RESULTS: From the Danish Pacemaker (PM) and implantable cardioverter-defibrillator (ICD) Register, we included consecutive Danish patients undergoing CIED implantation or reoperation from January 1982 to April 2018, resulting in 97 750 patients, 128 045 operations and follow-up of in total 566 275 device years (DY). We identified 1827 DRI causing device removals. Device-related infection incidence during device lifetime was 1.19% (1.12-1.26) for PM, 1.91% (1.71-2.13) for ICD, 2.18% (1.78-2.64) for cardiac resynchronization therapy (CRT)-pacemakers (CRT-P), and 3.35% (2.92-3.83) for CRT-defibrillators (CRT-D).

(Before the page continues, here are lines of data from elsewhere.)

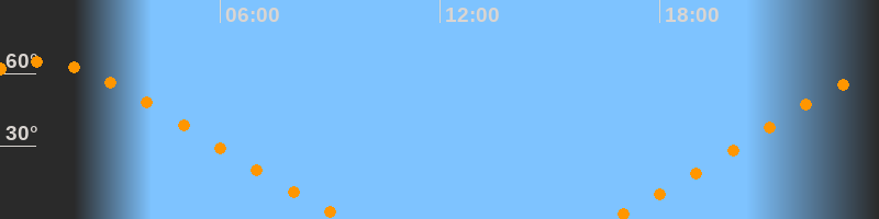 | Untergang | 09:30 Uhr im Nordwesten (αAz = 313,5°) |
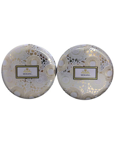 Pack Of 2 12oz Mokara 3-wick Tin Candles In Gray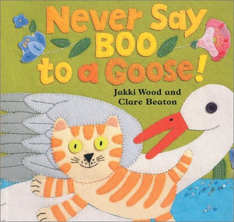 As with Mother Goose Remembers, Clare Beaton's fabric illustrations once again infuse a tale for the nursery set with exuberant energy. A curious kitten disobeys his mother in the paper-over-board Never Say Boo to a Goose! by Jakki Wood, illus. by Clare Beaton. ""I can say `Boo!' to anyone I like,"" thinks the frisky feline, but when he finally comes up against a goose, he's unexpectedly humbled.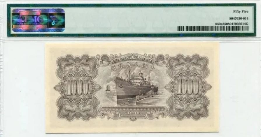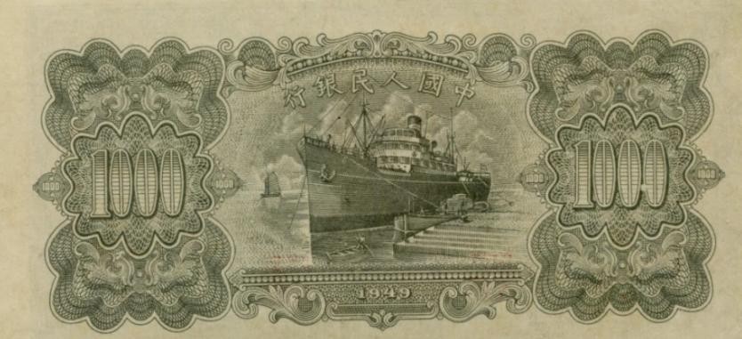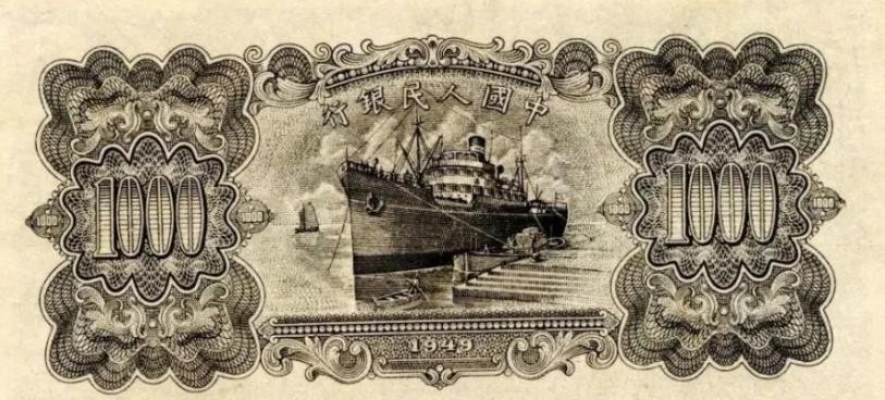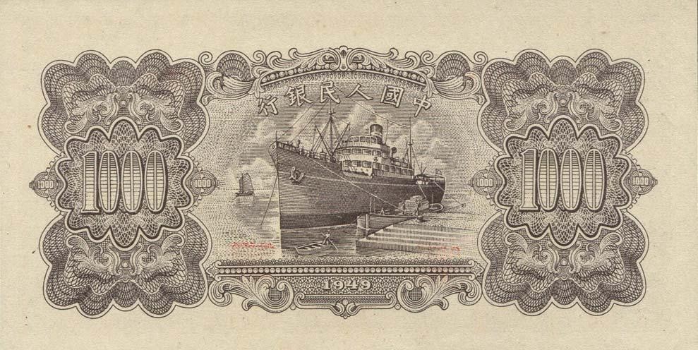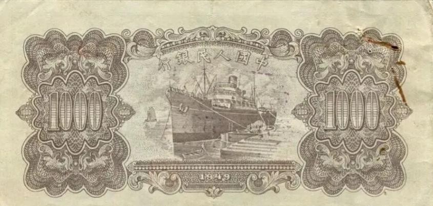 第一版人民币 壹仟圆 运煤与耕田 背面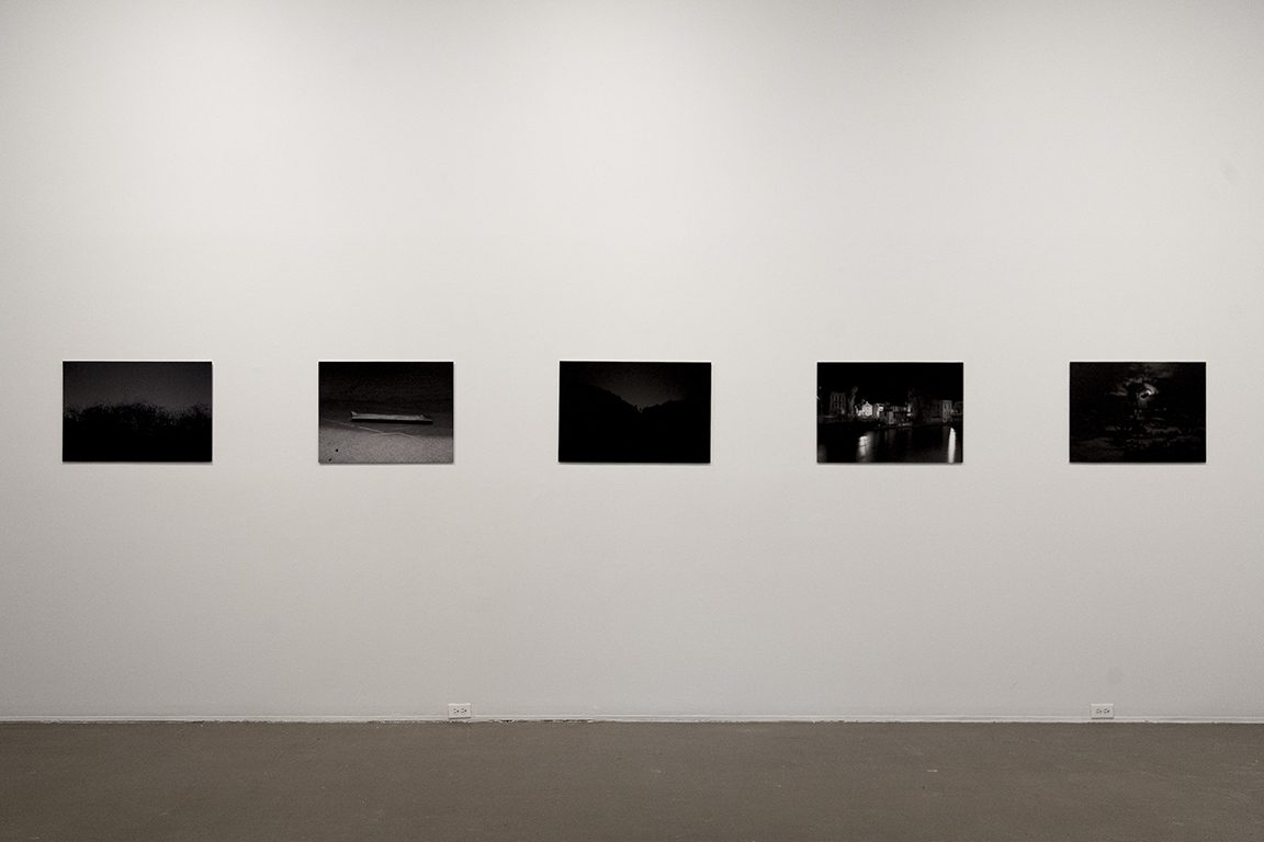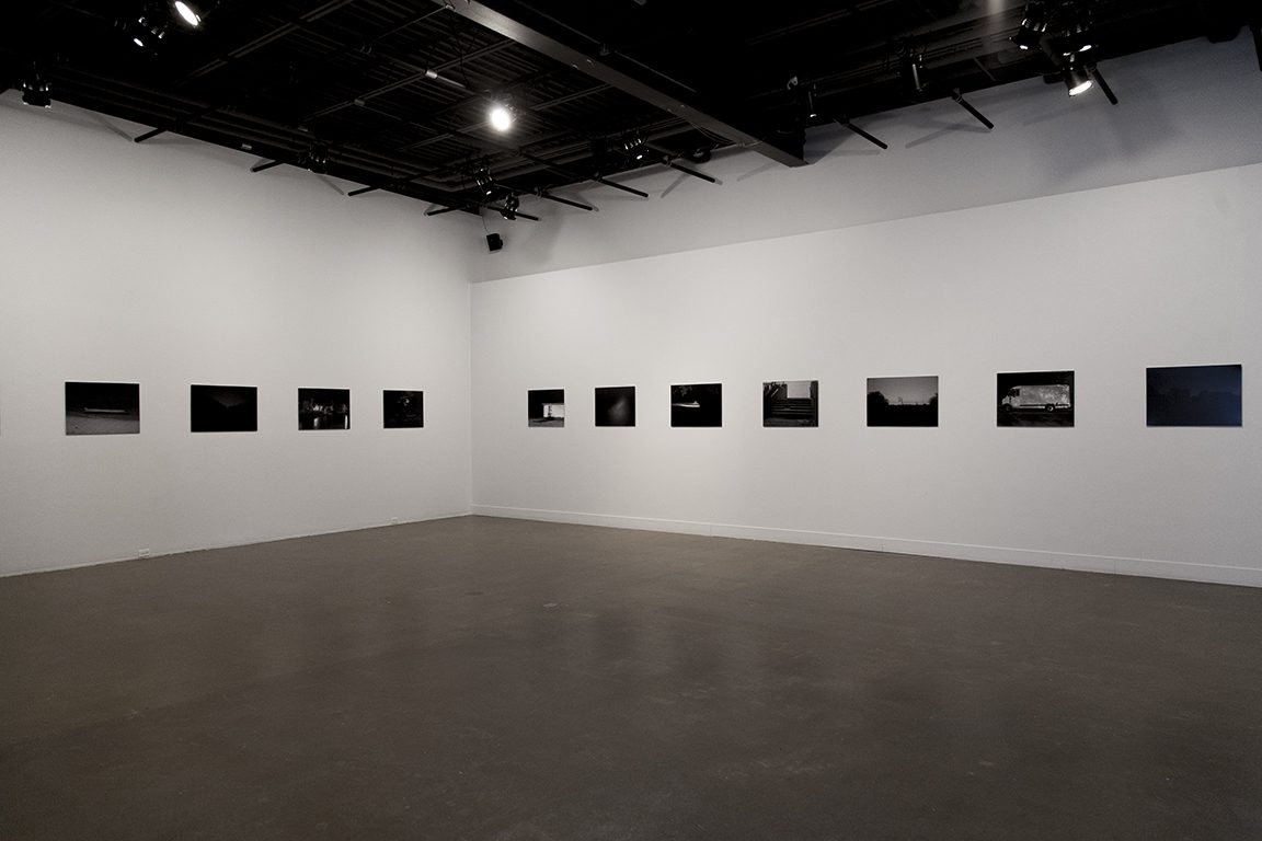 Il y a des mensonges plus graves que celui de faire des images qui ne sont pas le reflet exact de la réalité. Photographier la nuit, c’est capter des espaces allongés par le temps. Les images de Vincent Lafrance ne peuvent ainsi appartenir qu’à la photographie : elles résultent de la patience de la caméra à percevoir les zones de clarté qui dessinent des formes dans la noirceur. Les paysages se sont vus transformés au fil de l’accumulation de couches d’informations prélevées par l’exposition longue; tant le mouvement que l’immobilité y sont enregistrés, donnant presque une substance au temps qui passe. Malgré leur timidité, les lumières de la nuit émanent juste assez pour faire danser les ombres des arbres et se mêler au courant de l’eau sur les rivières.

Incidence rates in de novo implantations were 2.04/1000 DY for PM, 3.84 for ICD, 4.38 for CRT-P, and 6.76 for CRT-D. Using multiple-record and multiple-event per subject proportional hazard analysis, we identified implantation of complex devices (ICD and CRT), reoperations, prior DRI, male sex, and younger age as significantly associated with higher DRI risk.
CONCLUSION: Overall risk of infection was low in PM implantations but considerably higher in CRT systems and after reinterventions. These data support the importance of evaluating all patients considered for CIED therapy thoroughly, in order to identify potential modifiable risk factors and reduce the risk of early reoperations.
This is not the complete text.